⟨

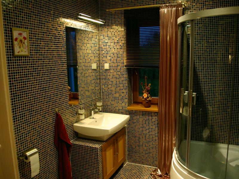 Ванные комнаты сочетаются с туалетом. В ванной комнате первого этажа установлена душевая кабина, а в ванной комнате второго этажа кабина паровой бани с душем. Полы и стены отделаны элегантной мозаикой натурального венецианского стекла. Сантехника представлена брендами Villeroy & Boch и Hansgrohe. Электрический подогрев полов.
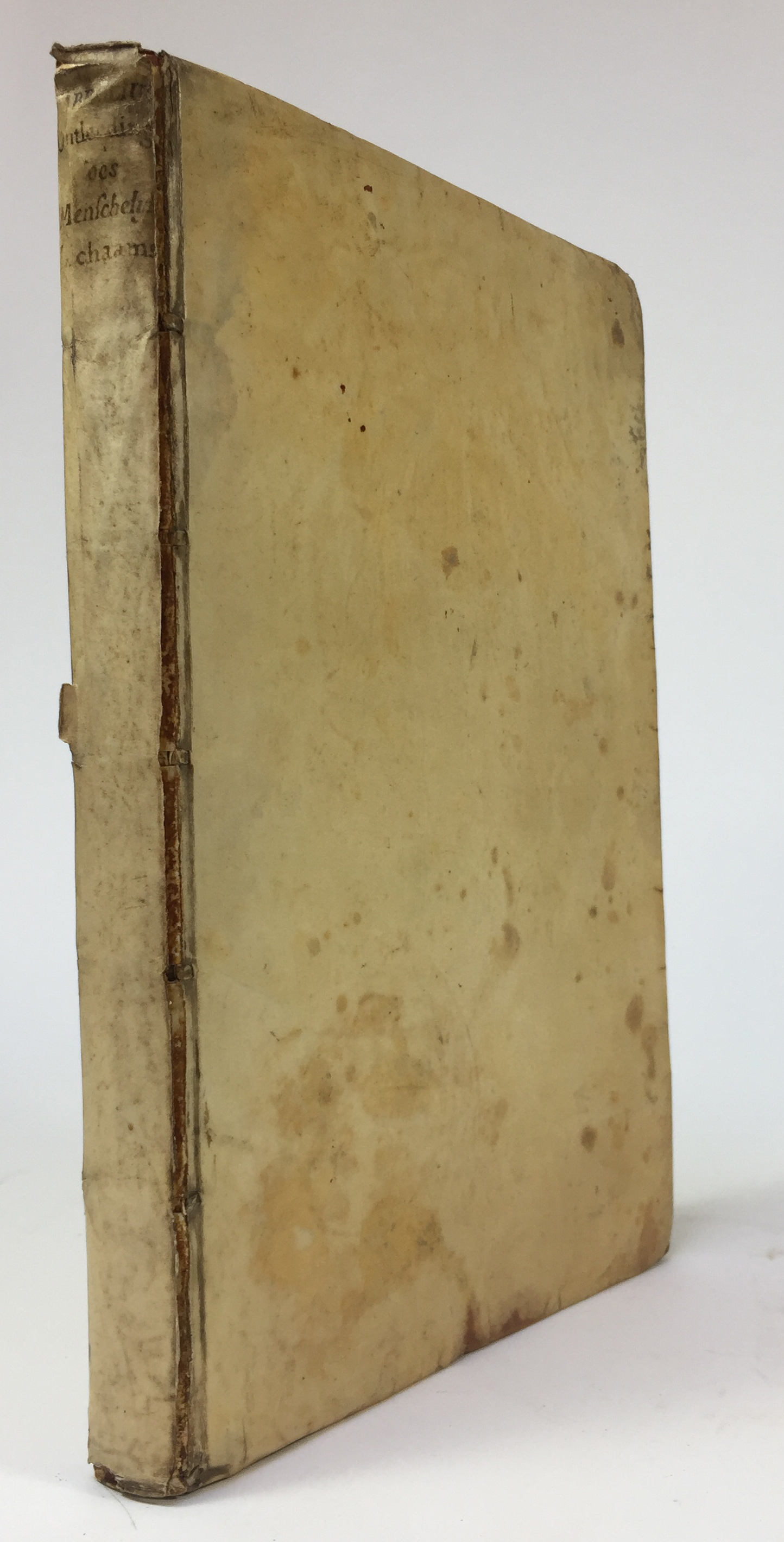 CABROLIUS, B. Ontleeding des Menschelycken Lichaems. Eertyts int Latijn beschreven, nu verduijtscht en met bijvoechselen als oock Figueren verrijckt d. V.F. P(lemp). Amst., C. v. Breugel for H. Laurents, 1633. (16), 262 pp. W. 4 double-p. plates & 123 text-engr. of human parts (i.a. many skulls), diff. in size. Fol. Cont. vellum. (Upper hinge split and clumsily rep., traces of use (i.e. a bit thumbed, small stains in places), small repair to lf. 1N5, small wormhole in lower inner margin of lvs. 1H3-1I6 (not affecting text), last blank failing).
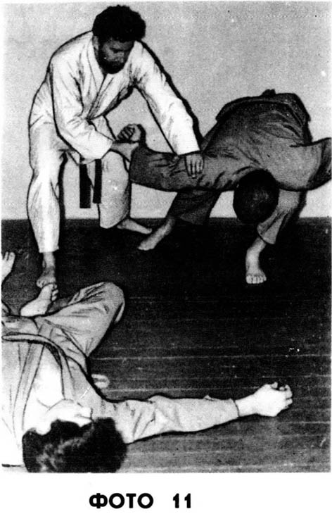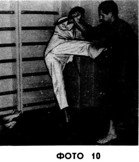 Атаку ножом сверху /7/ можно отразить блоком двумя предплечьями снаружи вовнутрь /8/ с контратакой коленом или "маваши-гери" в живот /9, 10/. Завершить атаку можно болевым приемом на локтевой сустав противника /11/.
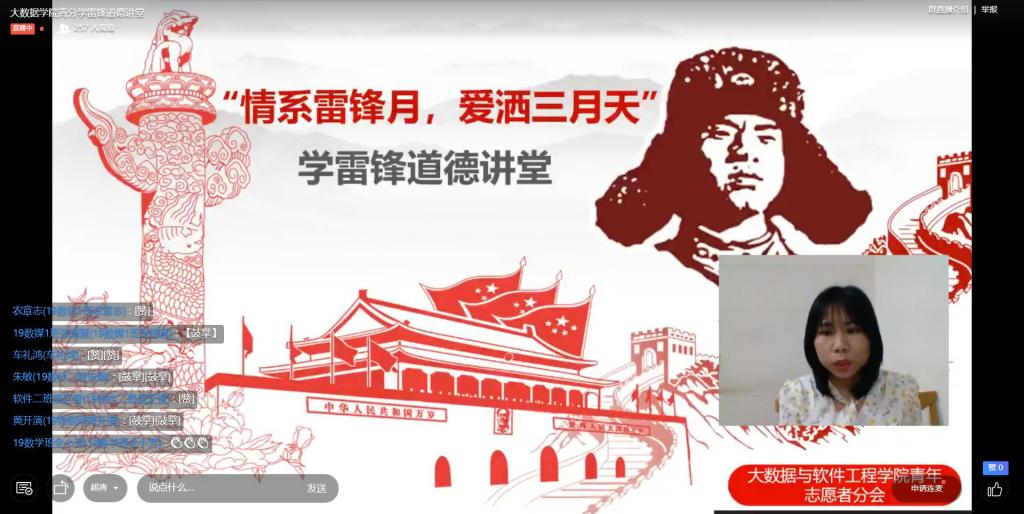3月21日晚,大数据与软件工程学院开展线上“情系雷锋月,爱洒三月天”道德讲堂。团委副书记书朱晓芹老师、青委员吴欣桦老师及各班学生代表参加了本次活动。
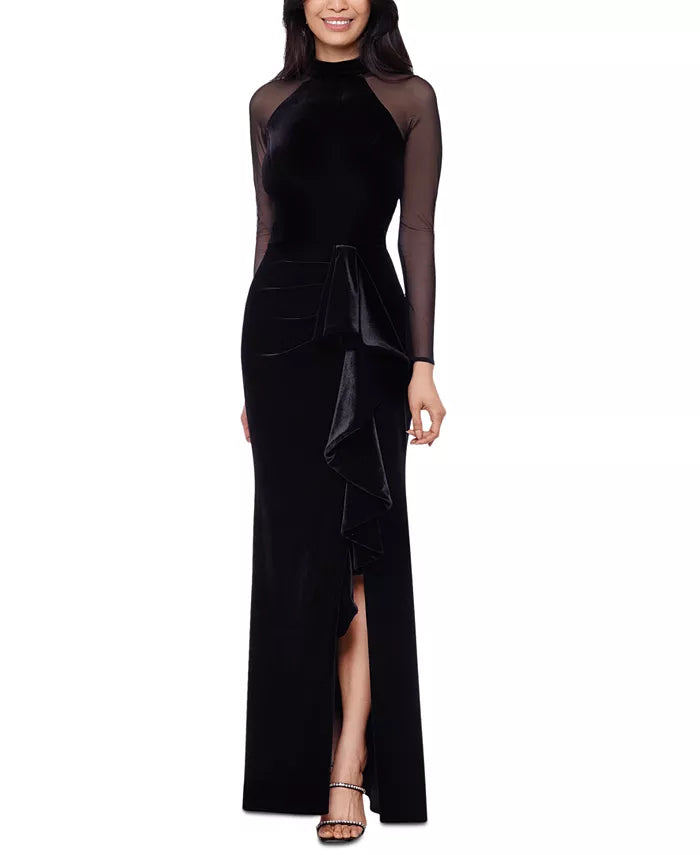 Black-tie perfection. You'll steal the show in this striking gown from Betsy & Adam, a luxe mix of velvet and sultry sheer details.
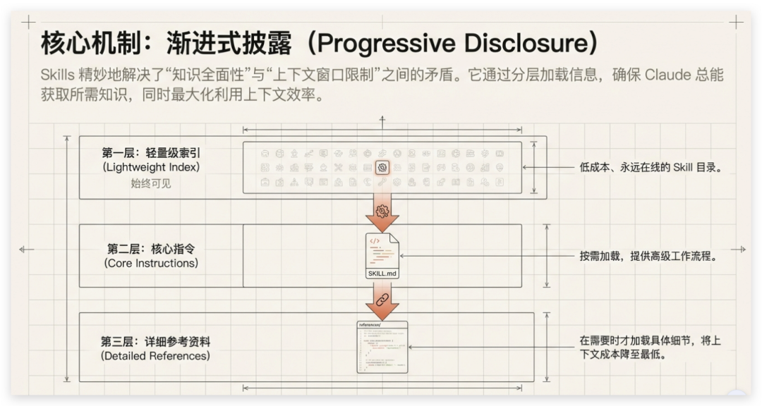 那 Skills 的核心机制是通过渐进式披露 (Progressive Disclosure),通过分层加载信息,确保 AI 总能获取所需知识,同时最大化利用上下文的效率。
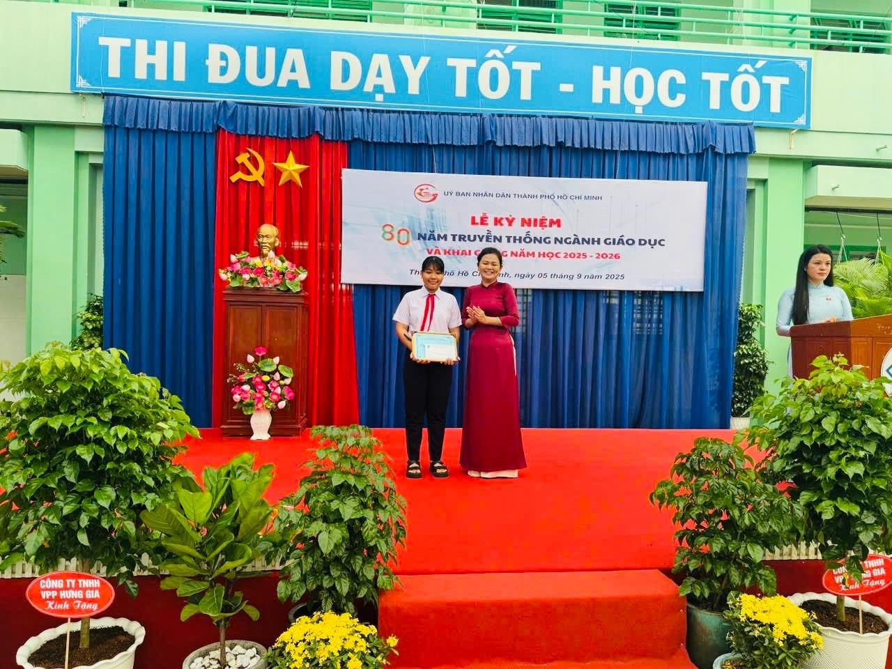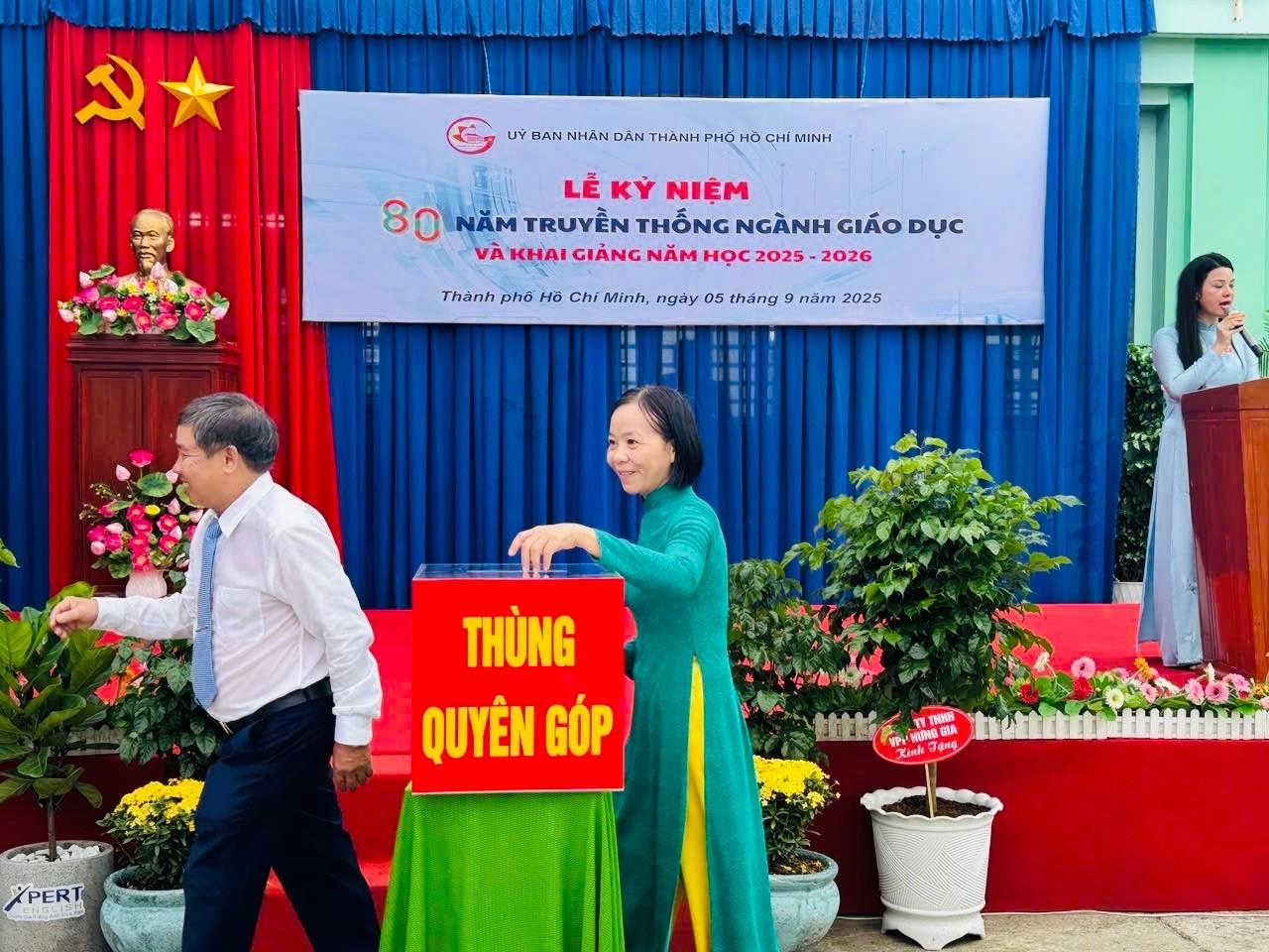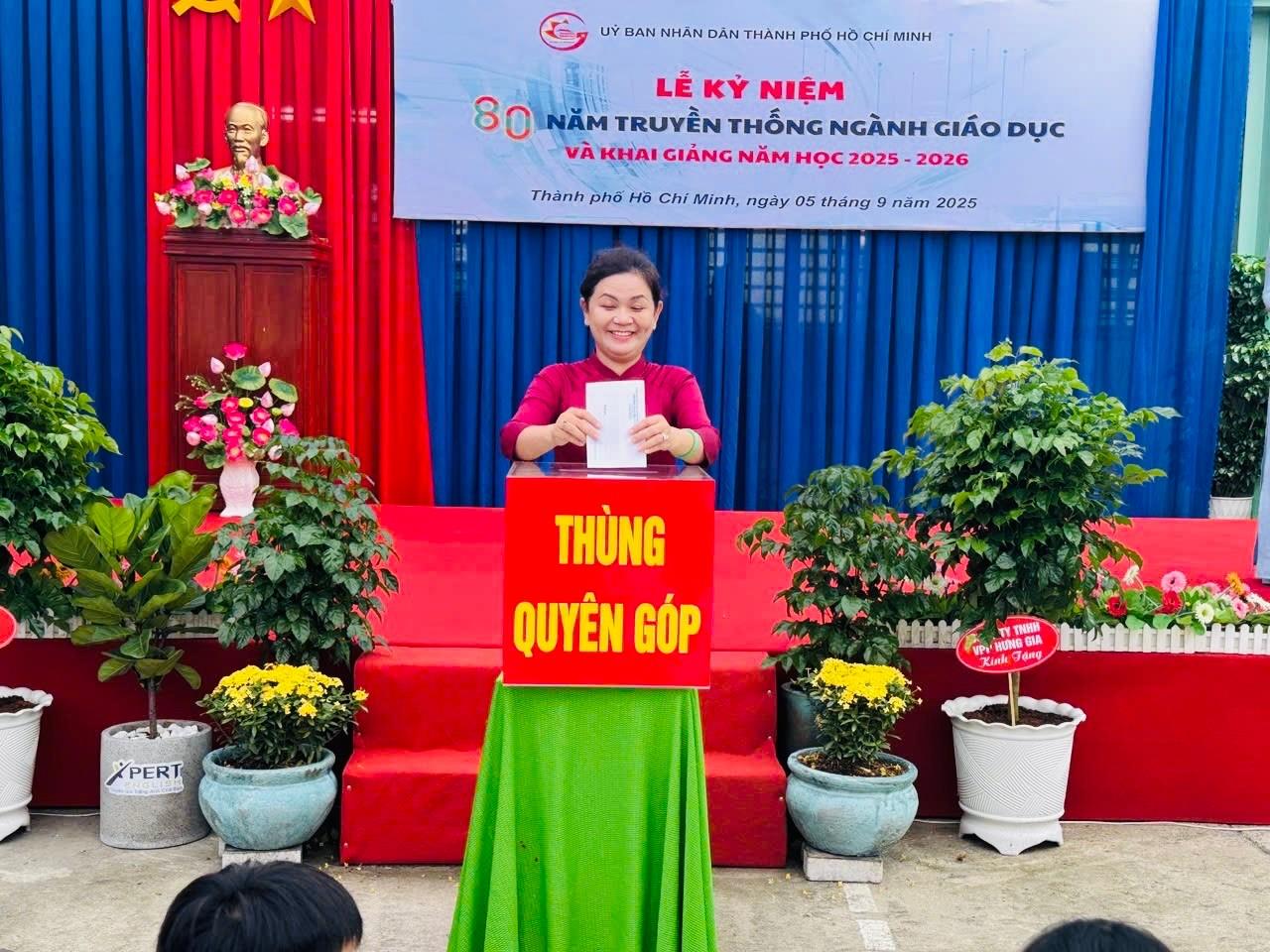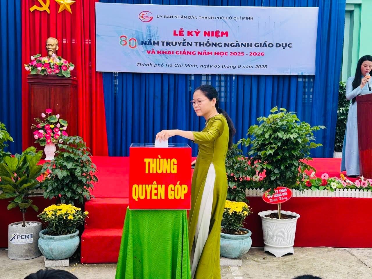 Song song đó, nhà trường cùng các mạnh thường quân đã trao những suất học bổng khuyến học cho học sinh nghèo hiếu học, tiếp thêm động lực để các em vượt khó vươn lên, viết tiếp ước mơ trên con đường học tập. Đặc biệt, buổi lễ còn phát động quyên góp ủng hộ đồng bào vùng lũ bị ảnh hưởng bởi cơn bão số 4 và 5, lan tỏa tinh thần “tương thân tương ái”, góp phần giáo dục học sinh về trách nhiệm với cộng đồng.

⟩

**Work order**
Write out all the entries word for word, but drop the pictures.

**Solution**
 Ванные комнаты сочетаются с туалетом. В ванной комнате первого этажа установлена душевая кабина, а в ванной комнате второго этажа кабина паровой бани с душем. Полы и стены отделаны элегантной мозаикой натурального венецианского стекла. Сантехника представлена брендами Villeroy & Boch и Hansgrohe. Электрический подогрев полов.
 CABROLIUS, B. Ontleeding des Menschelycken Lichaems. Eertyts int Latijn beschreven, nu verduijtscht en met bijvoechselen als oock Figueren verrijckt d. V.F. P(lemp). Amst., C. v. Breugel for H. Laurents, 1633. (16), 262 pp. W. 4 double-p. plates & 123 text-engr. of human parts (i.a. many skulls), diff. in size. Fol. Cont. vellum. (Upper hinge split and clumsily rep., traces of use (i.e. a bit thumbed, small stains in places), small repair to lf. 1N5, small wormhole in lower inner margin of lvs. 1H3-1I6 (not affecting text), last blank failing).
 Атаку ножом сверху /7/ можно отразить блоком двумя предплечьями снаружи вовнутрь /8/ с контратакой коленом или "маваши-гери" в живот /9, 10/. Завершить атаку можно болевым приемом на локтевой сустав противника /11/.
3月21日晚,大数据与软件工程学院开展线上“情系雷锋月,爱洒三月天”道德讲堂。团委副书记书朱晓芹老师、青委员吴欣桦老师及各班学生代表参加了本次活动。
 Black-tie perfection. You'll steal the show in this striking gown from Betsy & Adam, a luxe mix of velvet and sultry sheer details.
 那 Skills 的核心机制是通过渐进式披露 (Progressive Disclosure),通过分层加载信息,确保 AI 总能获取所需知识,同时最大化利用上下文的效率。
 Song song đó, nhà trường cùng các mạnh thường quân đã trao những suất học bổng khuyến học cho học sinh nghèo hiếu học, tiếp thêm động lực để các em vượt khó vươn lên, viết tiếp ước mơ trên con đường học tập. Đặc biệt, buổi lễ còn phát động quyên góp ủng hộ đồng bào vùng lũ bị ảnh hưởng bởi cơn bão số 4 và 5, lan tỏa tinh thần “tương thân tương ái”, góp phần giáo dục học sinh về trách nhiệm với cộng đồng.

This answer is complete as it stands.